Check if there exists any pair (i, i+1) that is decreasing i.e. (i+1) < i
If no, return true
If yes, check two cases:
set nums[i] = nums[i+1] and check if array is decreasing (assign to boolean, b1)
(reset original values)
set nums[i+1] = nums[i] and check if array is decreasing (assign to boolean, b2)
return b1 || b2

This covers the edge cases for start and end of array for you.
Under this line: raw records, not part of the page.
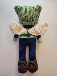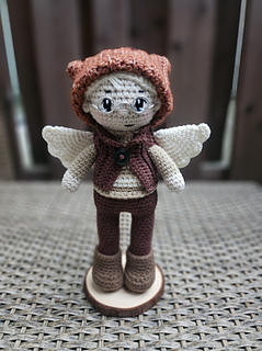 This pattern consists of 8 pages of detailed description in pdf format. There are a lot of photos to help you with the various parts of the doll. The pattern also includes instructions for a removable scarf, shoes and vest.
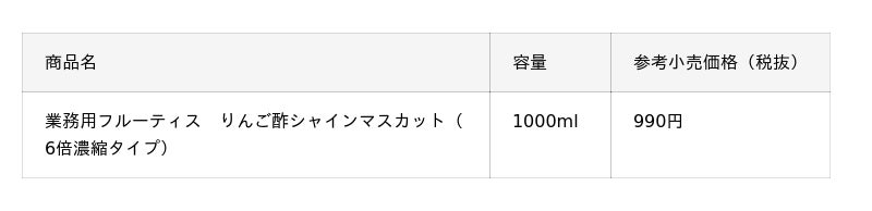 ■ 商品詳細 : 「フルーティス りんご酢シャインマスカット」 (6倍濃縮タイプ)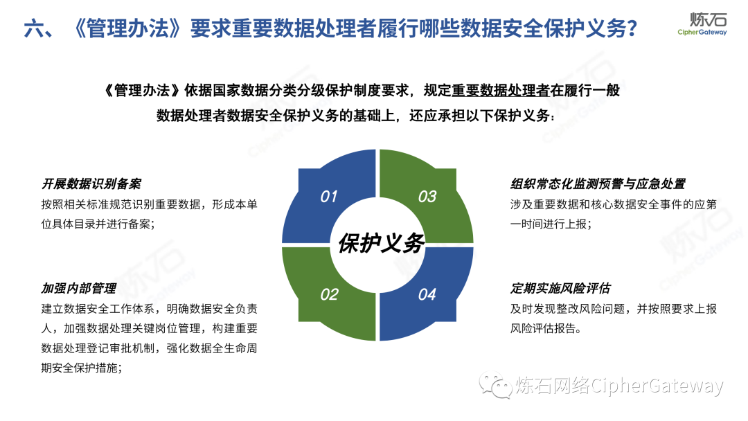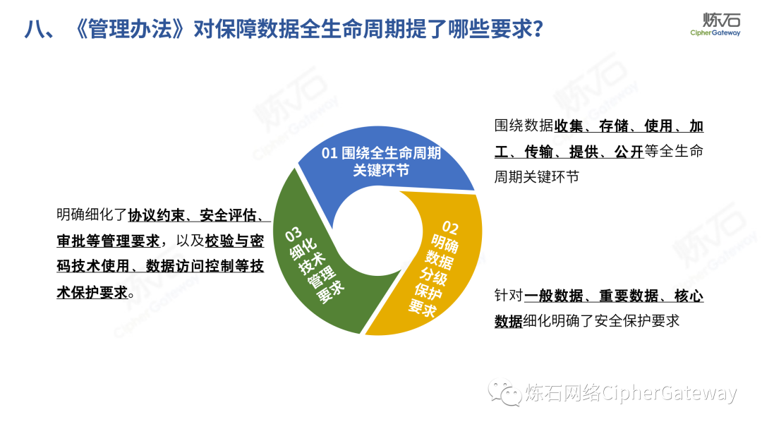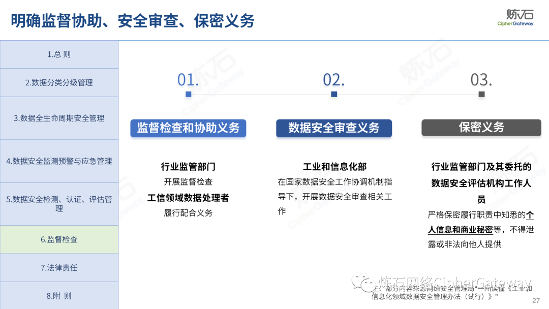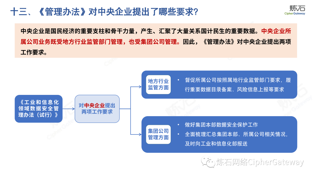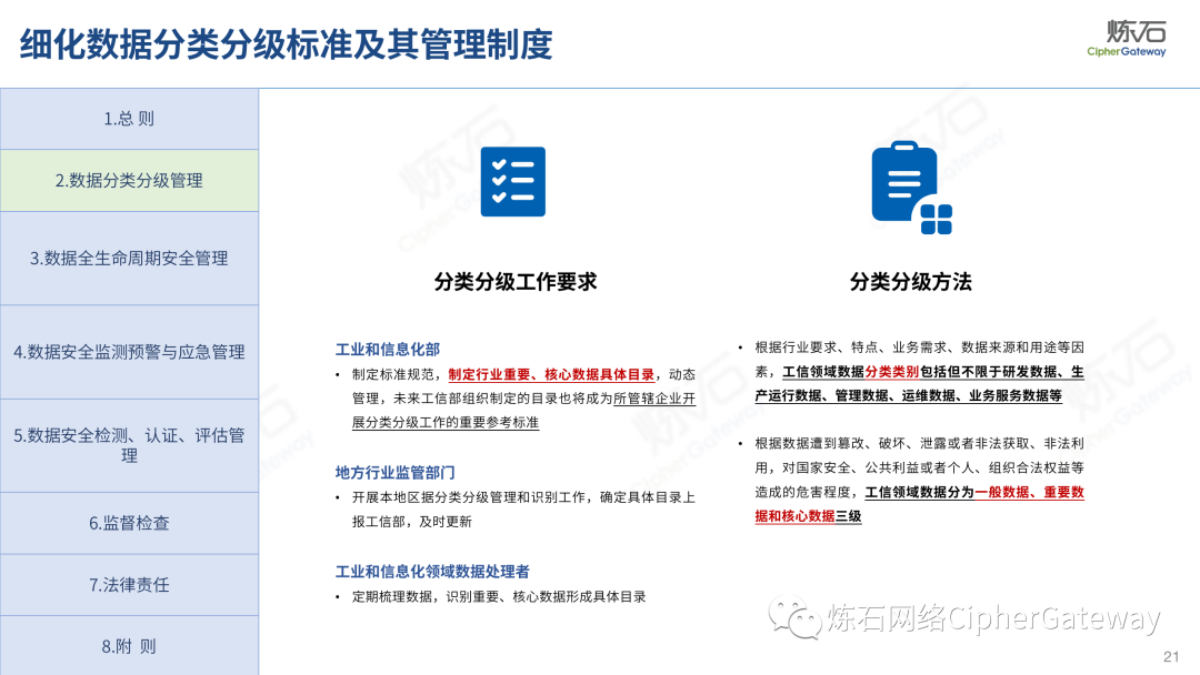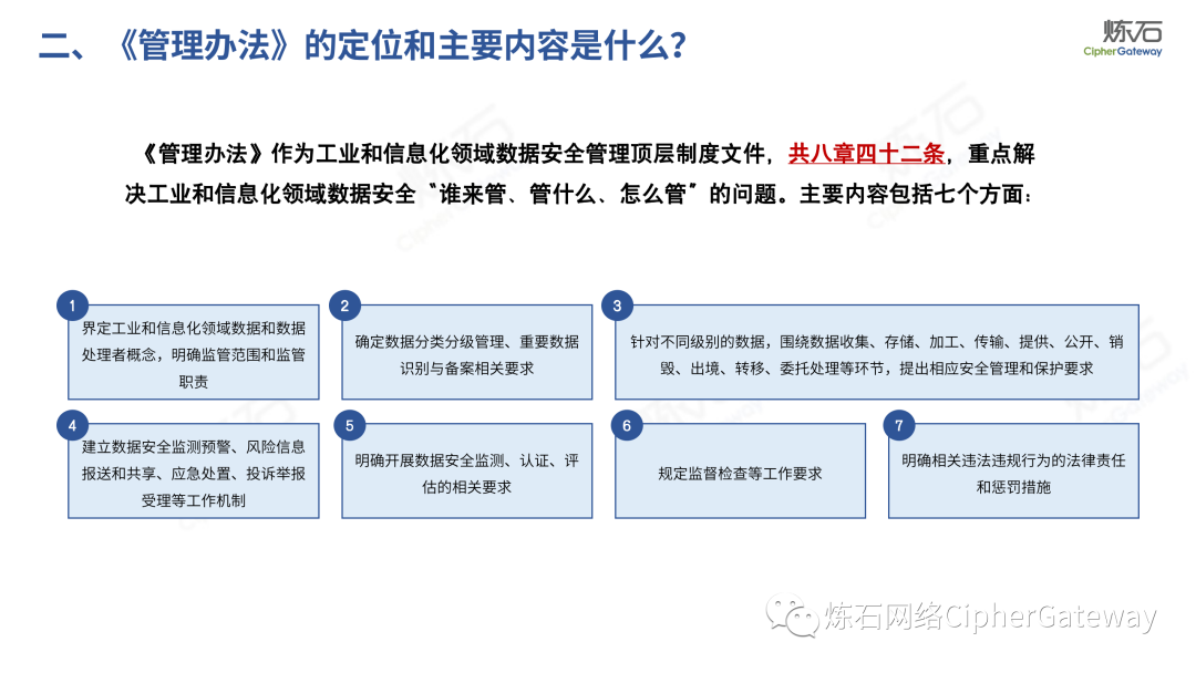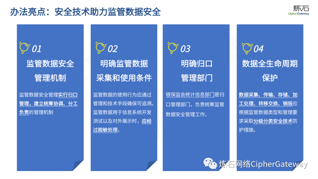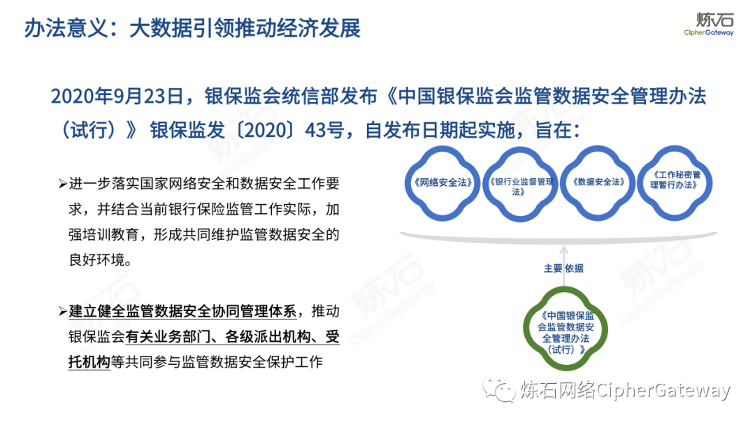 对此,炼石重点解读《工业和信息化领域数据安全管理办法(试行)》,并提供了正式稿与征求意见稿的修订对比,以期为数据安全产业同仁提供参考。《数据安全法》提出“各地区、各部门对本地区、本部门工作中收集和产生的数据及数据安全负责”,除工信领域外,金融、交通、医疗、教育等行业均颁布相应法规,以数据安全保障数据开发利用,推动行业数字化发展。炼石同时整理了中国银保监会、交通运输部、国家医疗保障局、教育部等兄弟部门出台的数据法规,作为对照,可更深入理解各行业数据安全法规特点。

• I also think my solution is grace.

class Solution {
public boolean checkPossibility(int[] nums) {
boolean used = false; // one opportunity to modify
Stack<Integer> st = new Stack<>();

``````    for(int i = 0 ; i < nums.length ; i ++){
if(!st.empty()){
if(st.peek() > nums[i]){ // not mono increasing , used the opportunity
if(used) return false;
used = true;
int ele = st.pop();  // need to decide how to eliminate the drop , which element to remove(change).
if(!st.empty() && st.peek() > nums[i]){
st.push(ele); // don't insert the new element 4 -> 5  , if new element is 2 then don't insert it
continue;
}
else{
st.push(nums[i]); // this is for 4 , 7 , 5 case , we should remove 7 and insert 5 since 5 is smaller. and better
// change next element will follow the rule of increasing.
}
}
else st.push(nums[i]);// normal case , insert new element
}
else st.push(nums[i]);// insert the first element to stack , each time we will insert an element for sure , and remove at most 1
}                         // element , that means the number of element in stack won't decrease , this is the first element in stack
return true;
}
``````

}

• Simple java solution :
int count = 0;
int i = 0;
if (nums == null) {
return false;
}
while (i < nums.length - 1) {
if (count > 1) {
return false;
}
if ((nums[i] > nums[i + 1])) {
if(i+2 < nums.length && nums[i+2] < nums[i]) {
nums[i] = nums[i+1] - 1;
} else {
nums[i + 1] = nums[i];
}
i = 0;
count++;
} else {
i++;
}
}

``        return true;``

• does anybody have it's C# code?

• Easy:

def checkPos(array):
return sum(array[i] > array[i + 1] for i in range(len(array) - 1)) <= 1

• JavaScript

``````var checkPossibility = function(nums) {
var count = 0
for(var i = 0; i < nums.length; i++) {
for(var j = i + 1; j < nums.length; j++) {
if(nums[i] > nums[j]){
count = count + 1
break
}
}
}
return count <= 1
};
``````

• Approach # 3, very well explained with cases

• case 3 is a good solution but i would rather use another var to indicate the counting time, and an index to remember the location.

• This post is deleted!

• 遍历数组，找到第一个大于后一个数的数的位置，其位置即为pos;分别判断当nums[pos]=nums[pos-1]时和nums[pos]=nums[pos+1]时，数组是否有序，若其中任一种情况有序，则返回true，否则返回false

• Love the third solution! Thanks!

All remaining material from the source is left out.